特例法:夫の死後第三者の提供精子を用いた生殖補助医療による懐胎(死後懐胎子)の問題①
本稿のねらい
2023年10月22日、おそらく共同通信が一番早かったと認識しているが、ともかく、「夫の死後、提供精子で妊娠 法の想定外、医師に伝えず胚移植」という共同通信のニュースに接した(以下、このニュースの事案を「本件」という)。
よりわかりやすい記事は、次の朝日新聞のものである。
本件が発生した医院の見解はこちら(10月22日付け共同通信の報道について「当院の公式見解」)。
これについて、何が問題なのか、何が「法の想定外」なのか、そもそも本件のような生殖補助医療における「法」とは何か、わかっていない向きが多いと思われることから、簡単にまとめてみたのが本稿である。
加えて、これまでの議論を振り返ったり、また「生殖補助医療の在り方を考える議員連盟」なる団体?が「特定生殖補助医療に関する法律案(仮称)(新規立法)(たたき台)」なるものを作っているようであり(公益社団法人日本産婦人科学会ウェブサイト)、それについても、別稿にていくつか触れようと思う。
生殖補助医療とは
(1) 生殖補助医療の提供等及びこれにより出生した子の親子関係に関する民法の特例に関する法律(本法)
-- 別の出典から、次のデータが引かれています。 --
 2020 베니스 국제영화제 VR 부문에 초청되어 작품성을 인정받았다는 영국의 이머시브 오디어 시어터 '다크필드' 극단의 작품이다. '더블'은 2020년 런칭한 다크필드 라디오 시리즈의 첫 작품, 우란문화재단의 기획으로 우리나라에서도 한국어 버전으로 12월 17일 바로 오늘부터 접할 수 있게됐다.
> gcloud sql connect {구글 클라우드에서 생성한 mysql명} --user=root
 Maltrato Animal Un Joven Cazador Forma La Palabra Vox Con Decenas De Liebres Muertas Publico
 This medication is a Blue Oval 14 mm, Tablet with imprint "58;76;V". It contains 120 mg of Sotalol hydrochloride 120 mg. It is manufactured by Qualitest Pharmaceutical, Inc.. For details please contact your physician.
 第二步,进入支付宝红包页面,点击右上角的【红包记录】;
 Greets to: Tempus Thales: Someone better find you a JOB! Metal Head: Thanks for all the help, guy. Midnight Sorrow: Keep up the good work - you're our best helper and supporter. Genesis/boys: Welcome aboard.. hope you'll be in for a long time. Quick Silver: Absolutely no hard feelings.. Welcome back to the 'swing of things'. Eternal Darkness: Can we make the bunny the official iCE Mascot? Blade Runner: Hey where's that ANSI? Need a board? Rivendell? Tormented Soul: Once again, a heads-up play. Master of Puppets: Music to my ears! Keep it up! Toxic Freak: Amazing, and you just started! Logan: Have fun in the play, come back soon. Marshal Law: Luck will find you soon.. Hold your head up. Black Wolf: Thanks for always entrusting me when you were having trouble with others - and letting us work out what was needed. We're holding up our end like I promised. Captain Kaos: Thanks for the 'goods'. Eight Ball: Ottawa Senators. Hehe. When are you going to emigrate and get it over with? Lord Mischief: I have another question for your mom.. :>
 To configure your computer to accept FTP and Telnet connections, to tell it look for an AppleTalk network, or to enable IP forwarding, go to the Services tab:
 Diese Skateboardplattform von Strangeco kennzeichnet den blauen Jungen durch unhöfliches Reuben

本法は2020(令和2)年11月16日に第203回国会(臨時会)に議員立法として参議院法務委員会に提出され、同年12月4日に衆議院本会議で可決されたものである。同月11日に公布され、既に施行されている。
本法第2条によれば、「生殖補助医療」とは、次の3つの方法を用いた医療を指す。
人工授精(男性から提供され、処置された精子を、女性の生殖器に注入すること)
体外受精(女性の卵巣から採取され、処置された未受精卵を、男性から提供され、処置された精子により受精させること)
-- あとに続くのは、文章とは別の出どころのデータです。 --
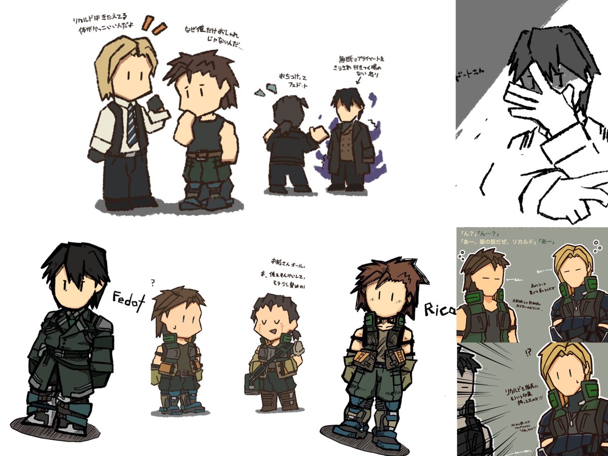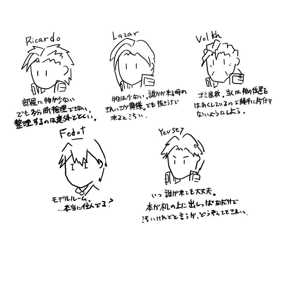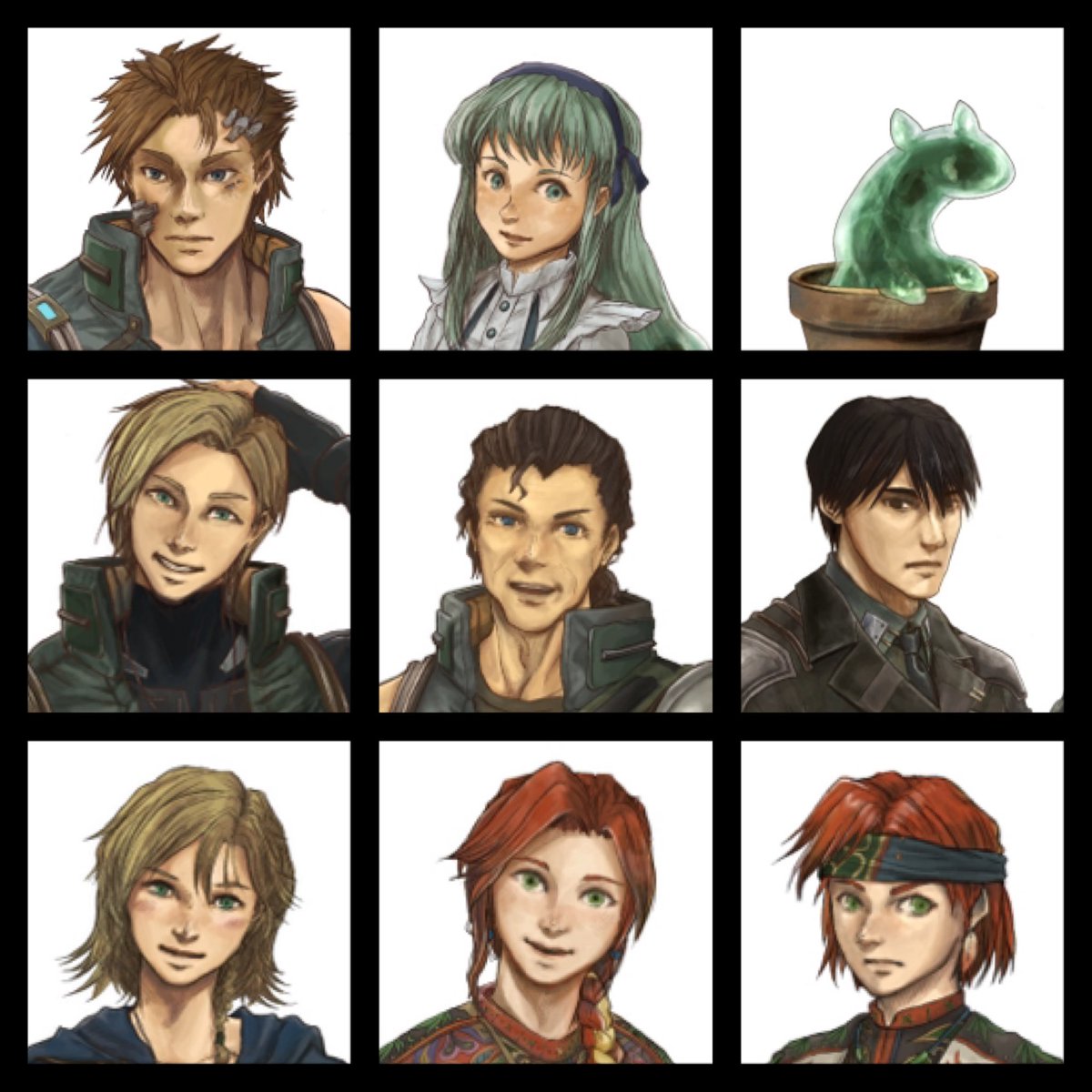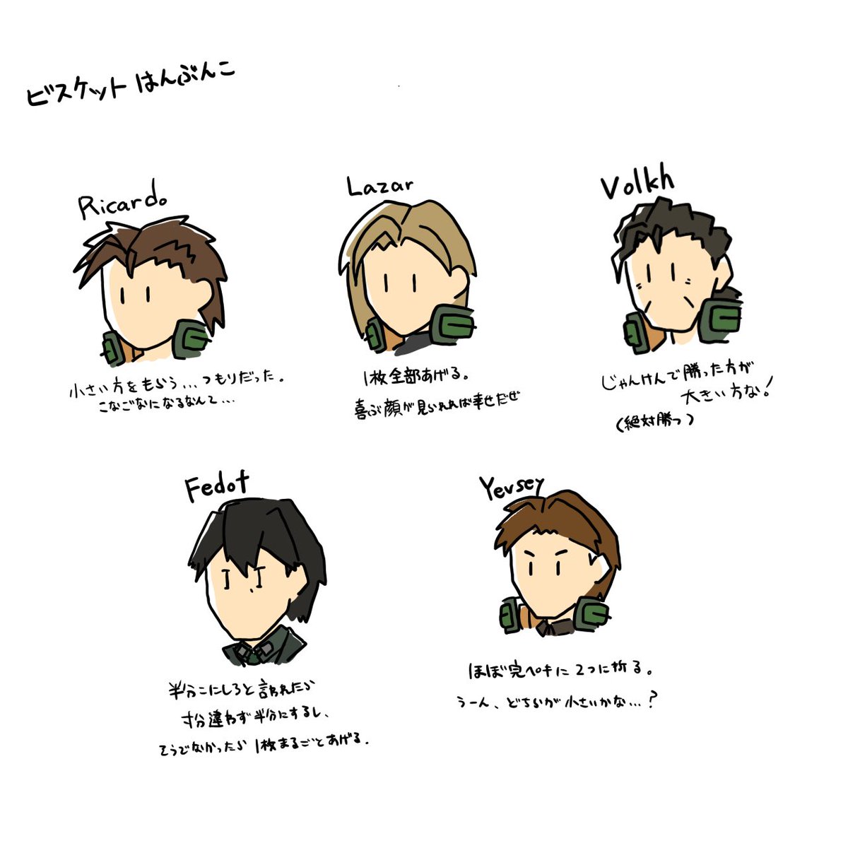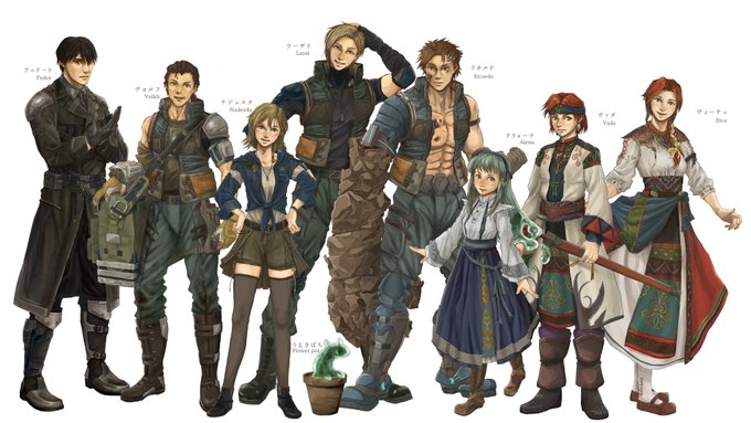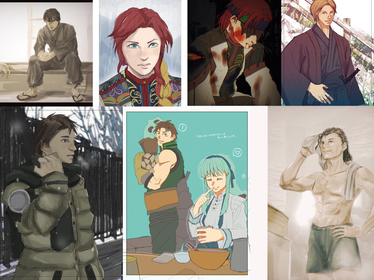 #このタグを見た人は自分の絵柄の目部分を見せる 全員緑がかった碧眼だが、 <青> リカルド(1枚目) ↓ アリョーナ(2枚目) ↓ ラーザリ(3枚目) <緑> である。 アリョーナは違うが、ウクラド国の住民は青、緑、茶、黒の虹彩が多い。

体外受精胚移植(体外受精により生じた胚を女性の子宮に移植すること)
本法では、配偶子提供者を「男性」「女性」とのみ表現し、「夫」「妻」とは表現していないため、夫や妻以外の第三者の男性や女性であっても、人工授精における「男性」「女性」には含まれる(本法第9条や第10条の民法上の効果に照らしても明らかである)。
そうすると、字義上当然ではあるが、本法の生殖補助医療の対象は、法律上の夫婦に限られておらず、いわゆる同性パートナーシップ間や独身者への生殖補助医療の提供も包含していることになる。(法律上の夫婦以外の者が医療機関において生殖補助医療を受けられるかどうかは当然別論である)
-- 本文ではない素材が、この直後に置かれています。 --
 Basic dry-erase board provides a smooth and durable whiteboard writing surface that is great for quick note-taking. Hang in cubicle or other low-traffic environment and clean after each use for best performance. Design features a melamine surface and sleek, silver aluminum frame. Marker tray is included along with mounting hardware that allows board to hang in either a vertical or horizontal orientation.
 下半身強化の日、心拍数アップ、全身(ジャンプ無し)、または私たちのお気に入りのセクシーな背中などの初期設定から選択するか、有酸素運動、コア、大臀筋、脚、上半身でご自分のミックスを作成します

また、本法第9条の文言からは、いわゆる代理懐胎(代理出産)についても包含している。
なお、公益社団法人日本産婦人科学会(日本産婦人科学会)と厚生労働省の定義は少し異なるようだが、一応、双方紹介しておく。
(2) 日本産婦人科学会の「生殖補助医療(ART)」の定義
配偶者の配偶子を用いようと用いまいと、人工授精は生殖補助医療から除外されている点が本法の定義と大きく異なる。
(3) 厚生労働省(不妊治療の保険適用の文脈での定義)
厚生労働省は、いわゆる不妊治療を、保険適用か保険適用外かで区別し、更に、保険適用なものを「一般不妊治療」と「生殖補助医療」に区別している。
これによれば、本法では「生殖補助医療」に含まれる「(夫の精子を用いる)人工授精」は「生殖補助医療」から外れ「一般不妊治療」と位置付けられており、他方、本件のような第三者の精子等配偶子を用いたAID等は保険適用外ではあるものの「生殖補助医療」には含まれている。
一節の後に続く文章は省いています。